⟨
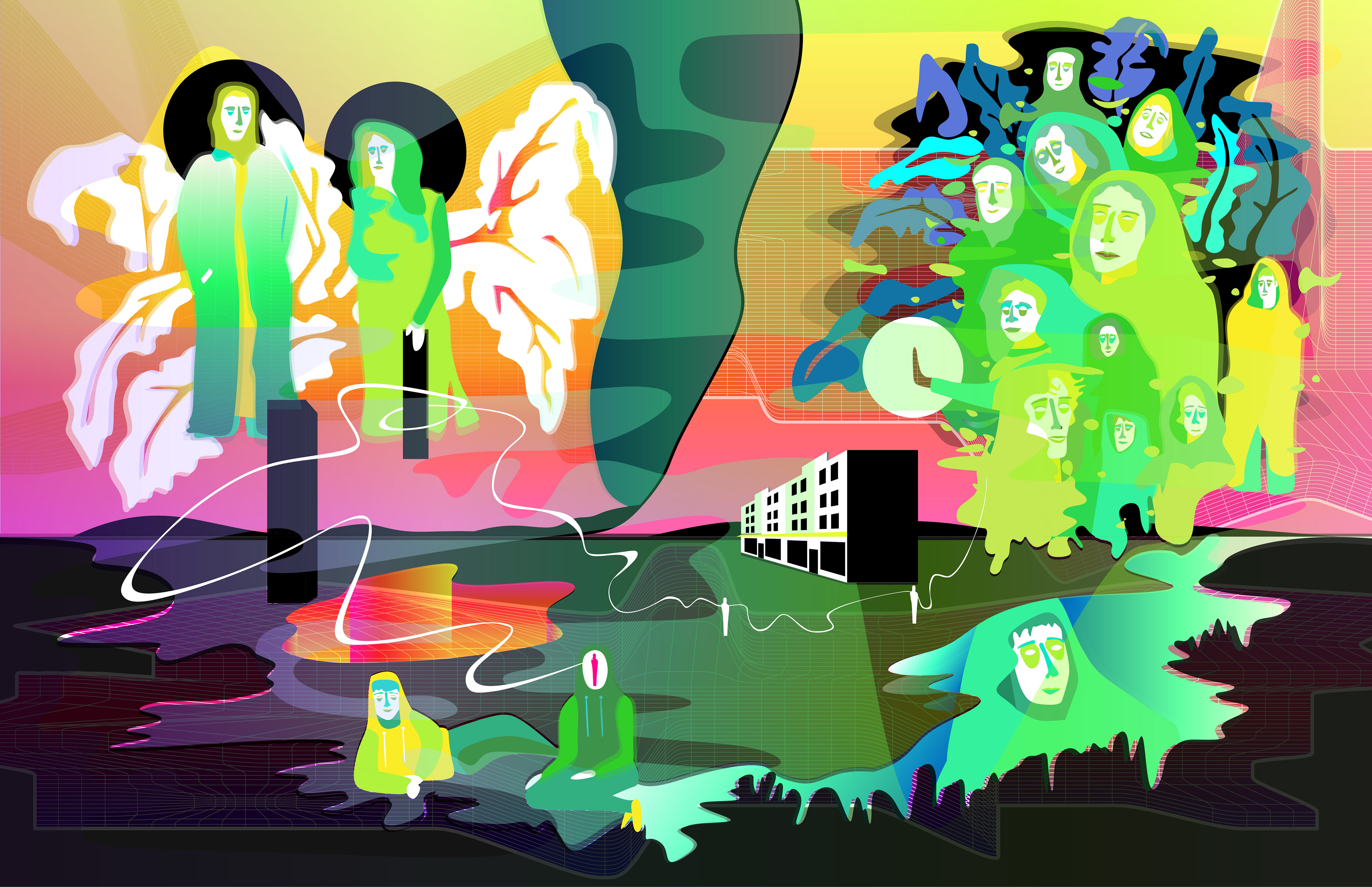 Illustrations for an original story which follows a man trapped in a horrific paradise of his minds own making.
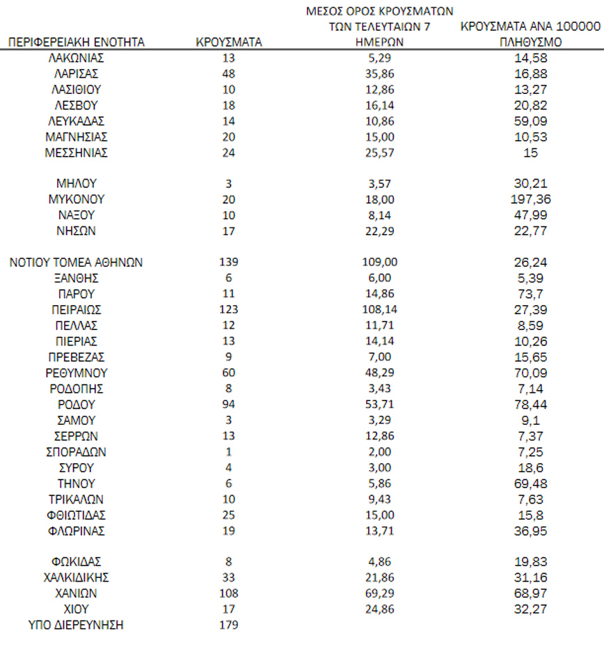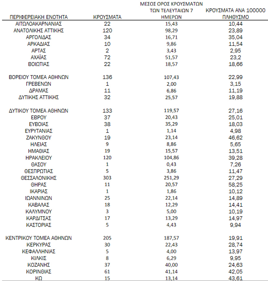 Συγκεκριμένα η Αττική έχει 905 νέα κρούσματα κορονοϊού, ενώ η Θεσσαλονίκη 303.
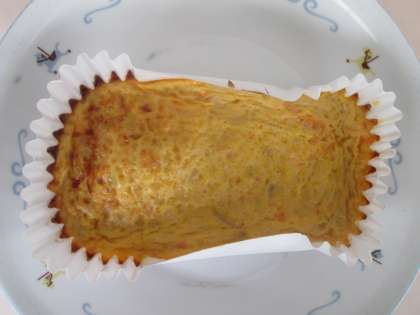 ◆切り干し大根入り卵焼き: 刻んだ切り干し大根、豚肉、玉ねぎ、にんじんなどを炒め、たまごやかつお出汁を加えて、カップで焼き上げました。切り干し大根の食感とたまごのまろやかな風味が味わえます。
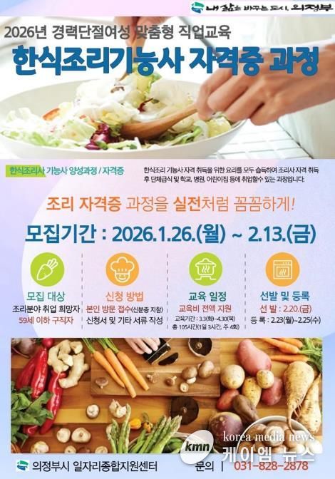 (케이엠뉴스) 의정부시는 경력단절여성의 안정적인 재취업을 지원하기 위해 ‘2026년 한식조리기능사 자격증 과정’ 참여자를 모집한다.
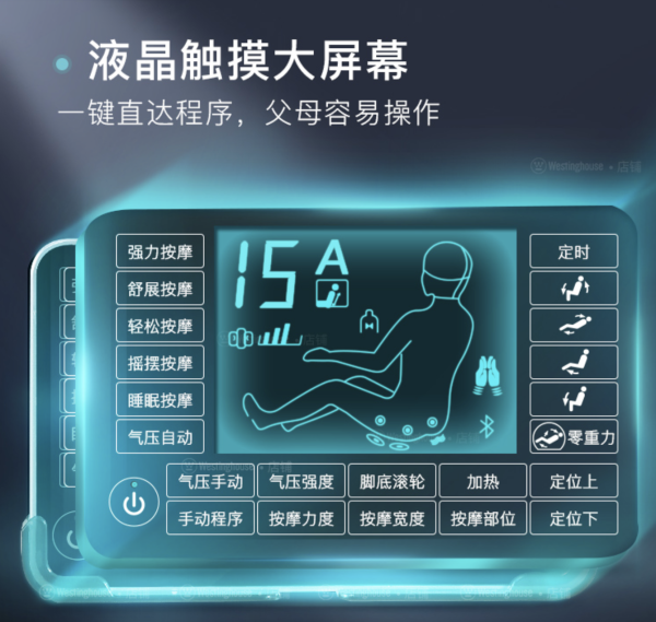 S500全自动按摩椅采用宽敞太空舱设计,并配备大液晶触屏, 一键直达程序,老人也能轻松使用;搭载西屋研制的智能芯片,可调整揉捏、捶打、叩击、 推拿等多种按摩手法和多种自动及手动按摩程序;
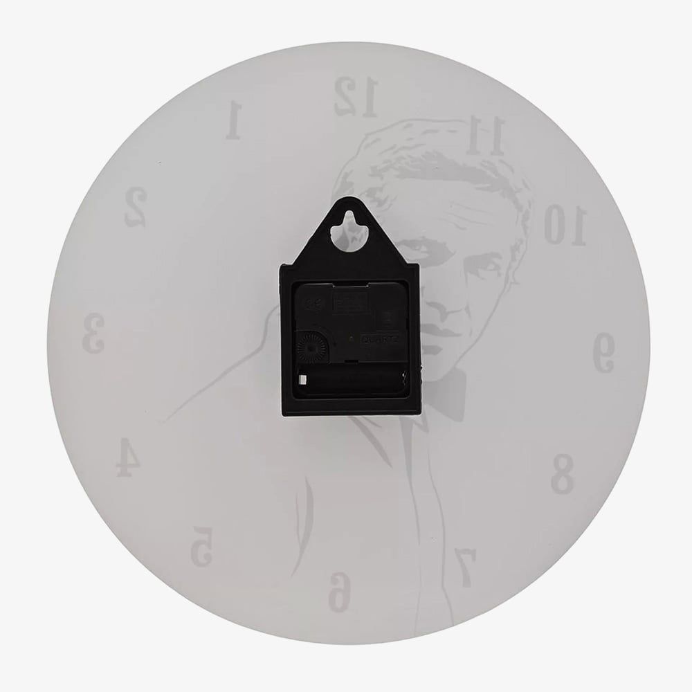 Decorate your home with this 60s Film Icon wall clock by Hometime. Celebrating the 60s film era, this glass wall clock powered by the Quartz movement for reliable timing has a monochrome design complete with slender silver tone hands. Battery operated, not included.
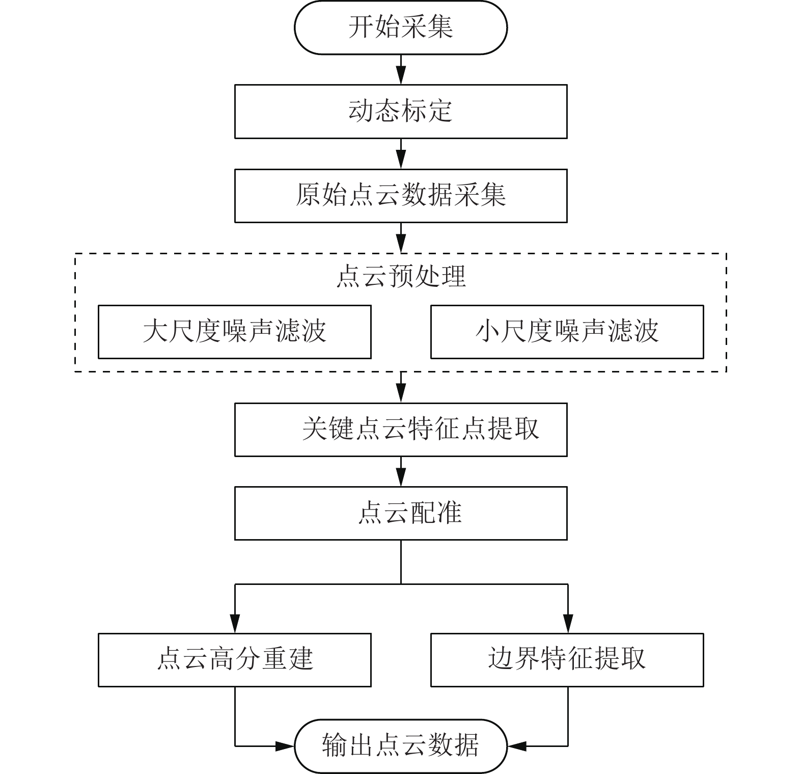 Intelligent and unmanned mining is an inevitable trend in the development of the coal industry. Precise geological information detection is one of the current key research and development directions in the construction of smart coal mines. The precise detection of information on roadways and the rapid acquisition of three-dimensional roadway models are important data sources for geological transparence. Through a comparative analysis of traditional roadway modeling methods and their advantages and disadvantages, a technical idea of using three-dimensional laser scanning reconstruction technology to construct a high-precision transparent working face roadway model is proposed. On the basis of the analysis of the technical problems faced by long-distance 3D laser scanning in underground coal mine working conditions, the principle of 3D laser scanning and the calculation method of spatial point coordinates are studied, and the realization process of the 3D laser scanning reconstruction technology of the roadway in transparent working faces is proposed. The key technologies of the 3D laser scanning reconstruction technology including the dynamic calibration of the 3D laser scanning system and the coordinate conversion method, the large-scale noise filtering method based on the statistical filtering method in the point cloud preprocessing technology and the small-scale noise filtering algorithm based on moving least squares, the SIFT feature detection algorithm and FPFH feature description algorithm in the point cloud key point extraction and feature description technology as well as the coarse registration technology based on the FPFH feature description algorithm in the point cloud registration technology and precise registration technology based on the iterative nearest point algorithm. Finally, the self-developed mobile 3D laser scanning system is used for practical application in three-dimensional laser scanning construction process, roadway point cloud data collection, boundary contour extraction, and joint modeling of roadways and working faces in working faces of Tangjiahui Coal Mine in Jungar Coalfield. The results show that the idea of 3D reconstruction of roadways in working faces based on 3D laser scanning technology proposed in the paper is technically feasible, providing a feasible technical path for fast 3D scanning and reconstruction of complex roadways.
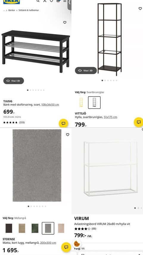 Affärsverksamhet (8 983)Bygg och trädgård (36 711)Djur och tillbehör (14 810)Elektronik och vitvaror (58 706)Fordonstillbehör (22 039)Föräldrar och barn (52 476)Kläder, kosmetika och accessoarer (64 296)Konst och antikt (13 837)Möbler och inredning (117 792)Sport och friluftsliv (48 678)Underhållning och hobby (34 843)
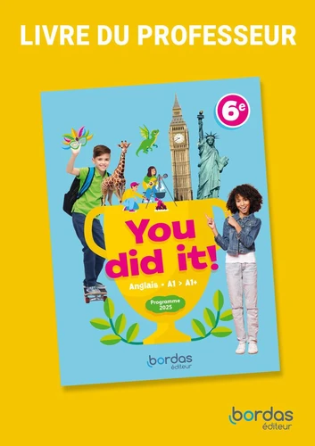 You did it ! , une méthode innovante et positive pour tous les élèves de 6e : inspirée par les derniers enseignements de la recherche ; adaptée aux besoins actuels des professeurs ; attractive , ludique, motivante et accessible ; qui valorise les réussites ; en phase avec les centres d'intérêt des élèves tout en éveillant leur curiosité ; une grammaire créative et joyeuse qui facilite la mémorisation des structures ; 7 clips de chansons chorégraphiées très dynamiques, avec karaoké ; 7 escape games ; 7 tutos peers-to-peers pour les activités créatives Youd did it ! est également une méthode prête à l'emploi qui assure l'autonomie de l'élève et facilite le travail du professeur.
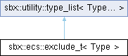Inheritance diagram for sbx::ecs::exclude_t< Type >:
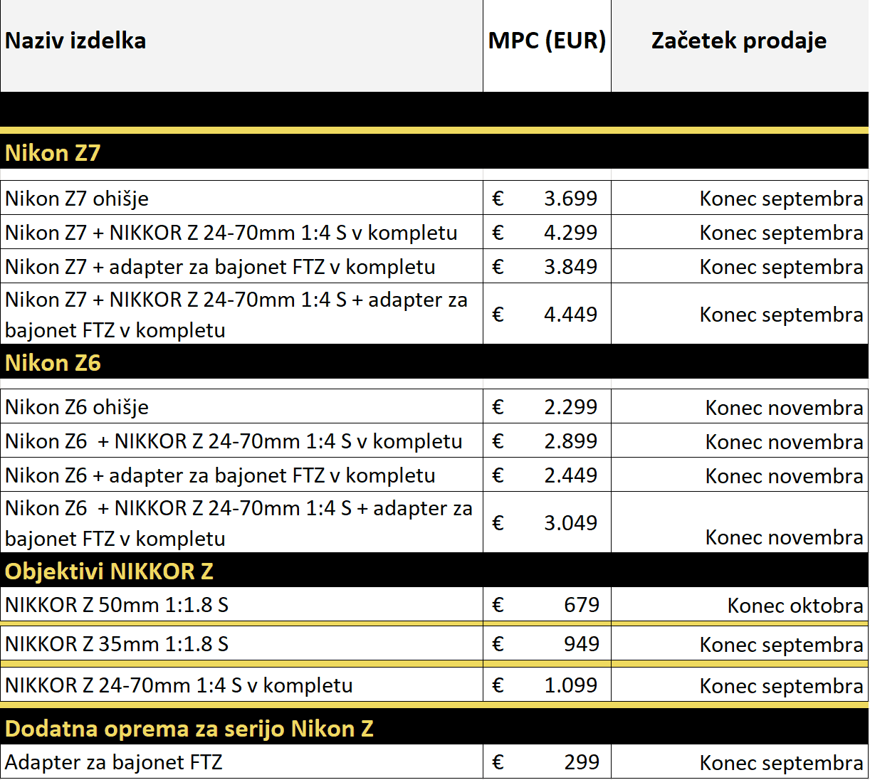 Nikon je na trg brezzrcalnih fotoaparatov polnega formata FX vstopil z dvema modeloma fotoaparatov Z6 in Z7, tremi novimi objektivi ter novim sistemom bajoneta Z z zelo velikim premerom. Novi bajonet omogoča več možnosti oblikovanja objektivov, vključno s predstavljenim najhitrejšim objektivom v zgodovini Nikona s svetlobno močjo f/0,95. Z novim adapterjem FTZ bodo z novim bajonetom združljivi tudi objektivi Nikkor z bajonetom F.
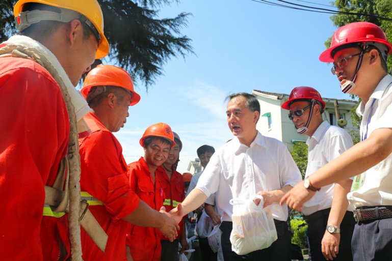 7月30日,市公司總經(jīng)理章維明一行,在集團(tuán)公司總經(jīng)理俞建國(guó)、副總經(jīng)理王東的陪同下,看望慰問奮戰(zhàn)在杭鋼半山區(qū)域天然氣轉(zhuǎn)換現(xiàn)場(chǎng)的一線員工。
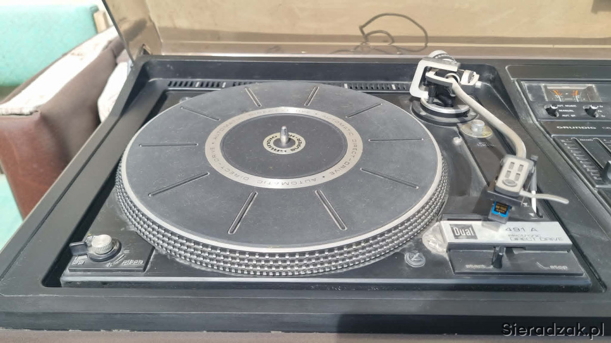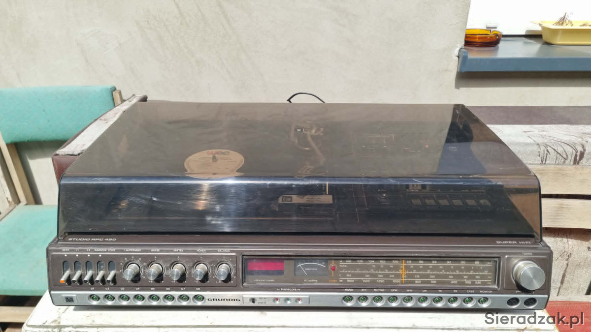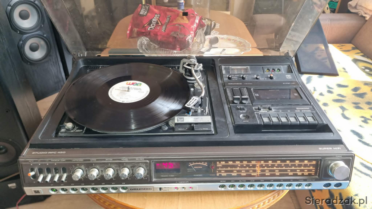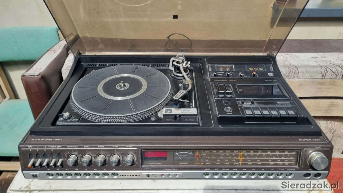 GRUNDIG RPC 450a z Dual CS-491A Direct Drive Ortofon M15E Super kolumny Grundig Box M600 centrum muzyczne z kolumnami. W stanie jak na foto. Gra ale wymaga przeczyszczenia potencjometrów z racji wieku i paski do wymiany w magnetofonie. W komplecie super kolumny Grundig Box M600.
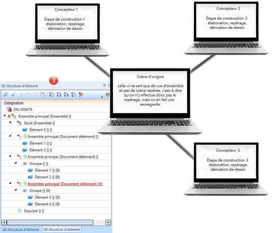 La scène d'origine est divisée en ensembles de structure appropriés et enregistrée sans repérage. Les ensembles de structure sont enregistrés individuellement en tant que dessins d'élément individuel référencés en externe. Ces dessins d'élément individuel référencés en externe peuvent ensuite être modifiés et enregistrés - mais non repérés - sur différents postes de travail. Après l'achèvement de tous les ensembles de structure, la scène d'origine sera actualisée. Le repérage de tous les ensembles de structures et les dérivations de dessins se feront alors dans la scène d'origine ; en d'autres termes, la scène d'origine sert ici de modélisation source pour le repérage.
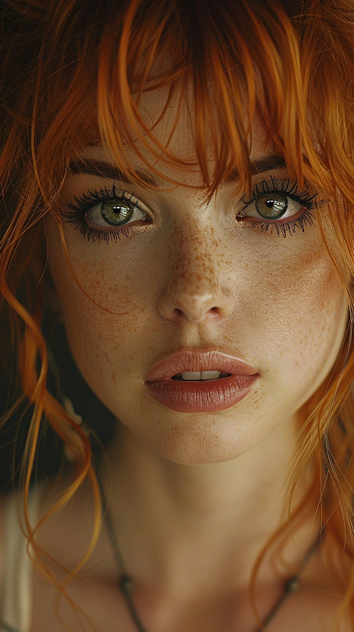 Close-up portrait of a freckled woman with red hair and green eyes, showcasing natural beauty and striking features.
⟩
## What the exercise asks
Pictures are not part of the copy. Return every record exactly.

## Final answer
 Illustrations for an original story which follows a man trapped in a horrific paradise of his minds own making.
 Συγκεκριμένα η Αττική έχει 905 νέα κρούσματα κορονοϊού, ενώ η Θεσσαλονίκη 303.
 ◆切り干し大根入り卵焼き: 刻んだ切り干し大根、豚肉、玉ねぎ、にんじんなどを炒め、たまごやかつお出汁を加えて、カップで焼き上げました。切り干し大根の食感とたまごのまろやかな風味が味わえます。
 (케이엠뉴스) 의정부시는 경력단절여성의 안정적인 재취업을 지원하기 위해 ‘2026년 한식조리기능사 자격증 과정’ 참여자를 모집한다.
 S500全自动按摩椅采用宽敞太空舱设计,并配备大液晶触屏, 一键直达程序,老人也能轻松使用;搭载西屋研制的智能芯片,可调整揉捏、捶打、叩击、 推拿等多种按摩手法和多种自动及手动按摩程序;
 Decorate your home with this 60s Film Icon wall clock by Hometime. Celebrating the 60s film era, this glass wall clock powered by the Quartz movement for reliable timing has a monochrome design complete with slender silver tone hands. Battery operated, not included.
 Intelligent and unmanned mining is an inevitable trend in the development of the coal industry. Precise geological information detection is one of the current key research and development directions in the construction of smart coal mines. The precise detection of information on roadways and the rapid acquisition of three-dimensional roadway models are important data sources for geological transparence. Through a comparative analysis of traditional roadway modeling methods and their advantages and disadvantages, a technical idea of using three-dimensional laser scanning reconstruction technology to construct a high-precision transparent working face roadway model is proposed. On the basis of the analysis of the technical problems faced by long-distance 3D laser scanning in underground coal mine working conditions, the principle of 3D laser scanning and the calculation method of spatial point coordinates are studied, and the realization process of the 3D laser scanning reconstruction technology of the roadway in transparent working faces is proposed. The key technologies of the 3D laser scanning reconstruction technology including the dynamic calibration of the 3D laser scanning system and the coordinate conversion method, the large-scale noise filtering method based on the statistical filtering method in the point cloud preprocessing technology and the small-scale noise filtering algorithm based on moving least squares, the SIFT feature detection algorithm and FPFH feature description algorithm in the point cloud key point extraction and feature description technology as well as the coarse registration technology based on the FPFH feature description algorithm in the point cloud registration technology and precise registration technology based on the iterative nearest point algorithm. Finally, the self-developed mobile 3D laser scanning system is used for practical application in three-dimensional laser scanning construction process, roadway point cloud data collection, boundary contour extraction, and joint modeling of roadways and working faces in working faces of Tangjiahui Coal Mine in Jungar Coalfield. The results show that the idea of 3D reconstruction of roadways in working faces based on 3D laser scanning technology proposed in the paper is technically feasible, providing a feasible technical path for fast 3D scanning and reconstruction of complex roadways.
 Affärsverksamhet (8 983)Bygg och trädgård (36 711)Djur och tillbehör (14 810)Elektronik och vitvaror (58 706)Fordonstillbehör (22 039)Föräldrar och barn (52 476)Kläder, kosmetika och accessoarer (64 296)Konst och antikt (13 837)Möbler och inredning (117 792)Sport och friluftsliv (48 678)Underhållning och hobby (34 843)
 You did it ! , une méthode innovante et positive pour tous les élèves de 6e : inspirée par les derniers enseignements de la recherche ; adaptée aux besoins actuels des professeurs ; attractive , ludique, motivante et accessible ; qui valorise les réussites ; en phase avec les centres d'intérêt des élèves tout en éveillant leur curiosité ; une grammaire créative et joyeuse qui facilite la mémorisation des structures ; 7 clips de chansons chorégraphiées très dynamiques, avec karaoké ; 7 escape games ; 7 tutos peers-to-peers pour les activités créatives Youd did it ! est également une méthode prête à l'emploi qui assure l'autonomie de l'élève et facilite le travail du professeur.
Inheritance diagram for sbx::ecs::exclude_t< Type >:
 Nikon je na trg brezzrcalnih fotoaparatov polnega formata FX vstopil z dvema modeloma fotoaparatov Z6 in Z7, tremi novimi objektivi ter novim sistemom bajoneta Z z zelo velikim premerom. Novi bajonet omogoča več možnosti oblikovanja objektivov, vključno s predstavljenim najhitrejšim objektivom v zgodovini Nikona s svetlobno močjo f/0,95. Z novim adapterjem FTZ bodo z novim bajonetom združljivi tudi objektivi Nikkor z bajonetom F.
 7月30日,市公司總經(jīng)理章維明一行,在集團(tuán)公司總經(jīng)理俞建國(guó)、副總經(jīng)理王東的陪同下,看望慰問奮戰(zhàn)在杭鋼半山區(qū)域天然氣轉(zhuǎn)換現(xiàn)場(chǎng)的一線員工。
 GRUNDIG RPC 450a z Dual CS-491A Direct Drive Ortofon M15E Super kolumny Grundig Box M600 centrum muzyczne z kolumnami. W stanie jak na foto. Gra ale wymaga przeczyszczenia potencjometrów z racji wieku i paski do wymiany w magnetofonie. W komplecie super kolumny Grundig Box M600.
 La scène d'origine est divisée en ensembles de structure appropriés et enregistrée sans repérage. Les ensembles de structure sont enregistrés individuellement en tant que dessins d'élément individuel référencés en externe. Ces dessins d'élément individuel référencés en externe peuvent ensuite être modifiés et enregistrés - mais non repérés - sur différents postes de travail. Après l'achèvement de tous les ensembles de structure, la scène d'origine sera actualisée. Le repérage de tous les ensembles de structures et les dérivations de dessins se feront alors dans la scène d'origine ; en d'autres termes, la scène d'origine sert ici de modélisation source pour le repérage.
 Close-up portrait of a freckled woman with red hair and green eyes, showcasing natural beauty and striking features.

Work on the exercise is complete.